Detection rate in the clinical pathology setting defines the LLOD as the VAF at which ≥ 95% of replicates are detected [23,24]. The detection rate of all DNA reference standards was 100% across 8 independent library preparations with VAF ≥ 0.004 (and ASXL1:c.1934dup at VAF ≥ 0.031) but dropped to 56% at VAF 0.0031 (Fig 3F). The LLOD for this assay was therefore VAF ≥ 0.004 for all except ASXL1:c.1934dup.

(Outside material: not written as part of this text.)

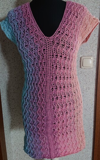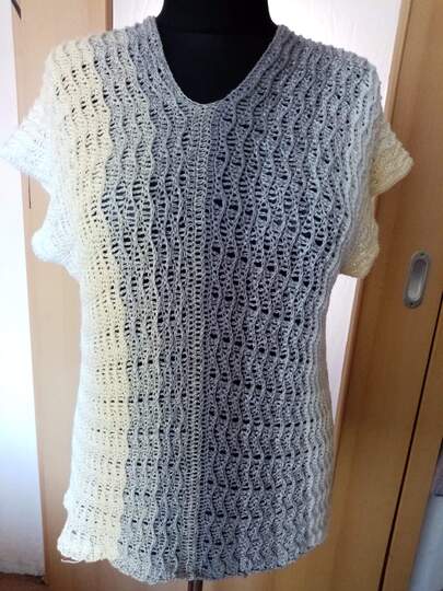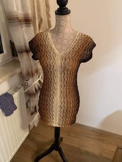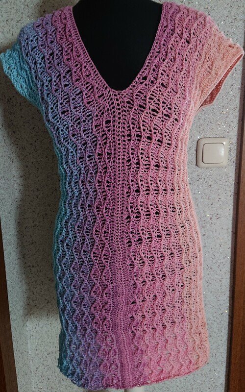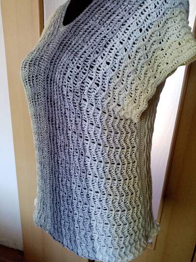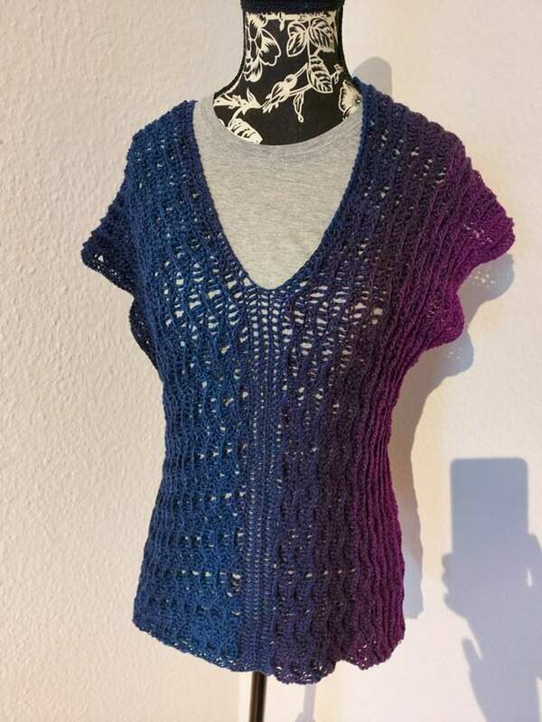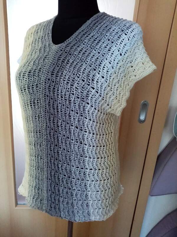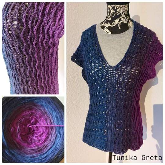 Die Tunika Greta wird in Reihen an einem Stück gehäkelt. Dadurch ist es hervorragend für Farbverlaufsgarn geeignet. Außerdem lässt es sich gut "nebenbei" häkeln, da das Muster schnell im Kopf bleibt.

The reduced detection rates of reference standards (resulting in false negatives) at VAF < 0.004 (Fig 3F), highlights the possibility of false positives detected in subject samples at similarly low VAF, perhaps arising from sequencing or library preparation artefacts. To investigate, ddPCR was used as an independent, non-NGS-based method for verification to quantify five ≤ 0.005 VAF mutations that were found in more than 1 individual from the targeted sequencing of blood samples from community-dwelling adults (S6 Table, Fig 3G). Three (60%) were detected by ddPCR, with 2 undetectable across 3 independent technical replicates. Given the exquisitely high sensitivity of ddPCR, with a reported ability to reproducibly detect variants at ≤ 0.00005 VAF [25], the two variants that remained undetectable by this method are likely to be false positive NGS detection events.
Trueness
Validation of assays for clinical pathology laboratories includes multiple measures of trueness [23,24]. Herein trueness was determined with an LLOD of ≥ 0.004 VAF for all variants (ASXL1:c.1934dup LLOD of 0.031 VAF). Reference standards HD829 and HD752 were used to determine the detection of true positives (TP, 23 variants), false positives (FP), false negatives (FN) and true negatives (TN, wild type sequences of 29 variants). Clinical samples from 16 reference laboratory samples were used to determine concordance of 36 variants reported as above clinical LLOD (S2–S4 Tables). Results showed a 100% concordance between 59 true positive variants from reference standards and samples. Sensitivity, specificity, positive predictive value, negative predictive value, and accuracy were all calculated to be 100% (Table 2), which exceeds clinically acceptable criteria [23,24]. Assessment of True Negative value using clinical samples is complex as an absence of reads may result from insufficient read depth and more correctly be a False Negative [26]. Designation of clinical samples as Presumed Negative was applied when they were negative for all tested variants in the accredited pathology laboratory. Three such samples were used to identify variants detectable using our optimised ultra-deep NGS (Table 3). A total of 193 variants were detected. However, 108 of these were not covered by the reference laboratory panel, and the remaining 85 variants were covered but detected below the reference laboratory LLOD. There was, therefore, 100% concordance for absence of variants with all three Presumed Negative samples.
Utility
Table 4 summarises the utility of the VariantPlex Myeloid targeted 75-gene NGS panel using anchored multiplex PCR-based error-corrected sequencing for the detection of CHIP (VAF ≥ 0.02), sub-CHIP (VAF 0.01-0.02) and MRD (VAF ≥ 0.004). Included is a cost-benefit analysis and recommendations regarding read depth, DNA quantity, and data filtering for each VAF target range.
Discussion
Clinical studies of haematological malignancies have demonstrated the value of CHIP and MRD detection in diagnosis, prognosis, and management [27]. Recent reports of CHIP below 0.02 VAF have also demonstrated clinical relevance across multiple disease groups [10–12,28] in adults unselected for haematological disease. Both the European LeukemiaNet MRD Working Party and the United States Prescribing Information include NGS detection thresholds down to 0.0001 VAF for MRD risk prediction “if confidently detected above background noise” [29,30].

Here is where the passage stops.